[Exercise description] I'd like the data below restated word for word, with the pictures left out.

[Raw data]

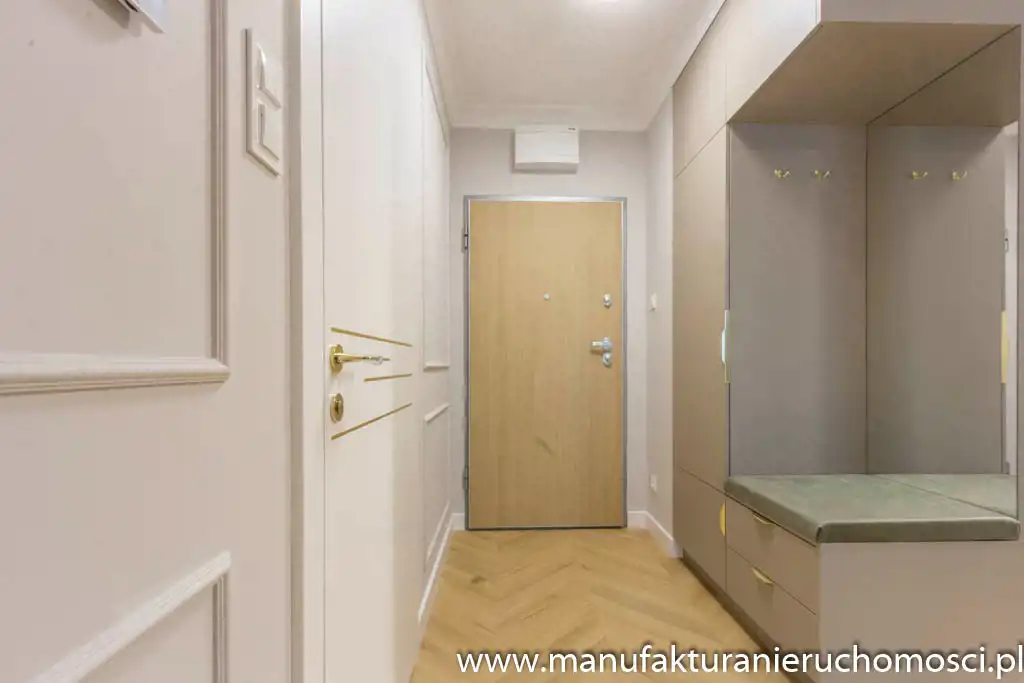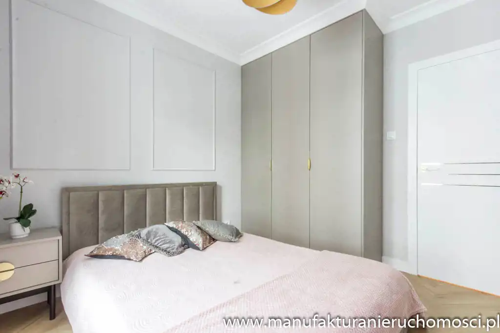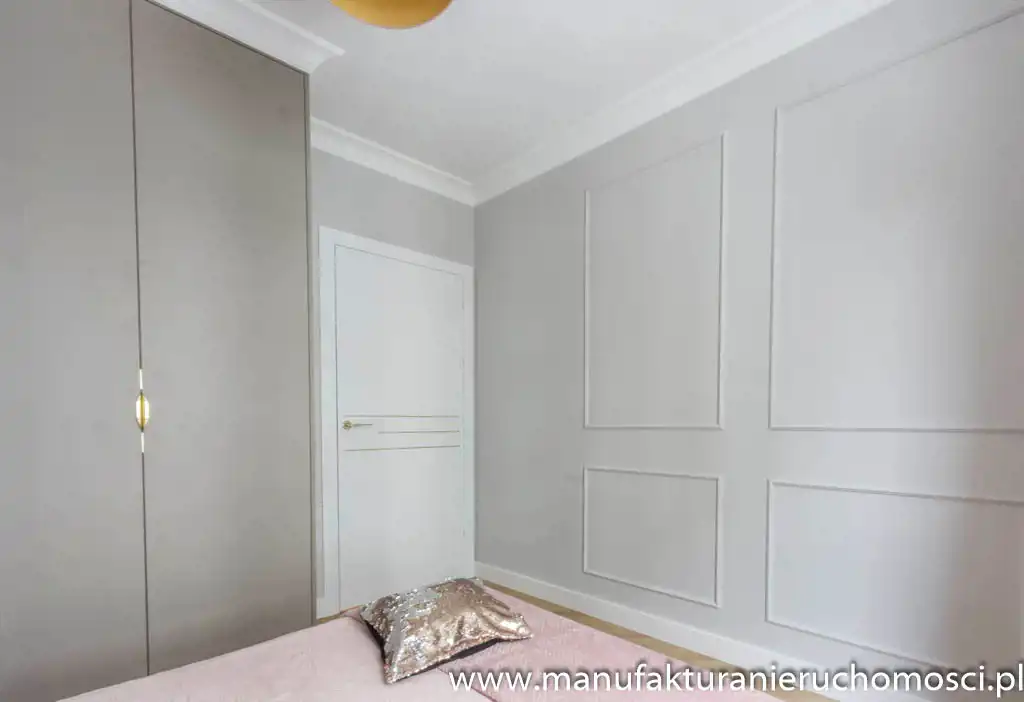 Pastelowe kolory, złote dodatki, solidne, bezprzylgowe, malowane drzwi, wszystko doprecyzowane w każdym calu tworzy spójną całość, w której miło się spędza czas.
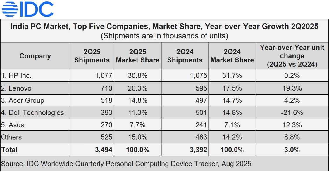 INDIA, August 19, 2025 – India’s traditional PC market (desktops, notebooks, and workstations) grew 3.0% year-over-year (YoY) in 2Q25 with 3.5 million units shipments, according to data from the International Data Corporation (IDC) Worldwide Quarterly Personal Computing Device Tracker. This marks the eighth consecutive quarter of growth.
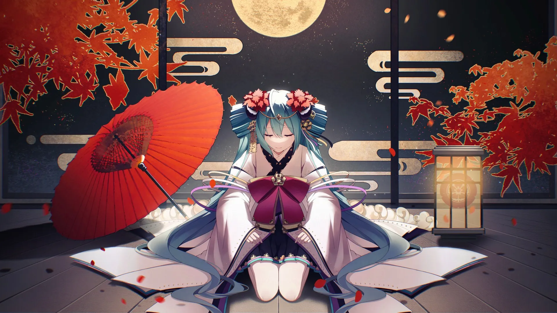 غلق العين أنمي فتاة أنمي شعر أزرق مظلة القمر زهور ورق حائط حاسوب 4K ورق حائط
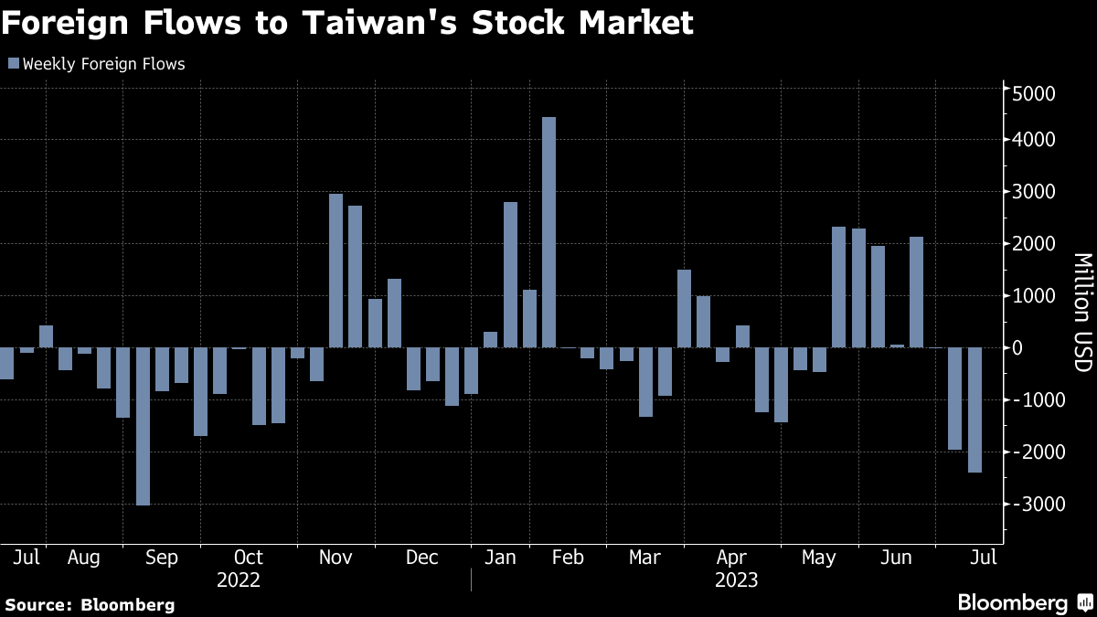 With exports falling for 10 consecutive months due to weak global demand for its technology products, investors are reassessing their portfolios. A recent sell-down in tech companies has driven net selling of Taiwan stocks to its highest in a year. Global funds withdrew $4.4 billion from Taiwanese equities in the two weeks through July 8.

[Answer for the task]
 Pastelowe kolory, złote dodatki, solidne, bezprzylgowe, malowane drzwi, wszystko doprecyzowane w każdym calu tworzy spójną całość, w której miło się spędza czas.
 INDIA, August 19, 2025 – India’s traditional PC market (desktops, notebooks, and workstations) grew 3.0% year-over-year (YoY) in 2Q25 with 3.5 million units shipments, according to data from the International Data Corporation (IDC) Worldwide Quarterly Personal Computing Device Tracker. This marks the eighth consecutive quarter of growth.
 غلق العين أنمي فتاة أنمي شعر أزرق مظلة القمر زهور ورق حائط حاسوب 4K ورق حائط
 With exports falling for 10 consecutive months due to weak global demand for its technology products, investors are reassessing their portfolios. A recent sell-down in tech companies has driven net selling of Taiwan stocks to its highest in a year. Global funds withdrew $4.4 billion from Taiwanese equities in the two weeks through July 8.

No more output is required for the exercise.